MATERIAL TO PROCESS section start

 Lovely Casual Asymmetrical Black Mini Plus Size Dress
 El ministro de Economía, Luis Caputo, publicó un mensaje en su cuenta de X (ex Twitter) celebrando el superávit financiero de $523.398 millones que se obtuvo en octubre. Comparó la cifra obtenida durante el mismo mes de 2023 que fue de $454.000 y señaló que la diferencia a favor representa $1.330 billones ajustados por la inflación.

MATERIAL TO PROCESS section end
MATERIAL TO PROCESS section start

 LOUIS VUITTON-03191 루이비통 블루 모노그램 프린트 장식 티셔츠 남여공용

MATERIAL TO PROCESS section end
MATERIAL TO PROCESS section start

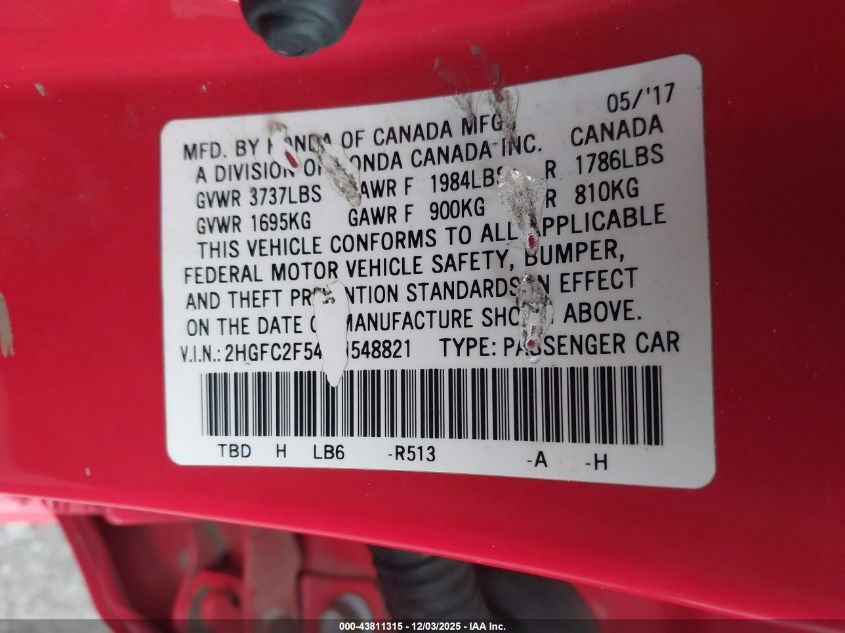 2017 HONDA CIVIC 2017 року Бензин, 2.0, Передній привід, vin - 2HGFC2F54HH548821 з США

MATERIAL TO PROCESS section end

*TASK INSTRUCTIONS*
Out of the data above, transcribe exactly and only the lines starting with the line that has "Lovely Casual Asymmetrical" and going on through the line that has "El ministro de", both included.

*RESULT*
 Lovely Casual Asymmetrical Black Mini Plus Size Dress
 El ministro de Economía, Luis Caputo, publicó un mensaje en su cuenta de X (ex Twitter) celebrando el superávit financiero de $523.398 millones que se obtuvo en octubre. Comparó la cifra obtenida durante el mismo mes de 2023 que fue de $454.000 y señaló que la diferencia a favor representa $1.330 billones ajustados por la inflación.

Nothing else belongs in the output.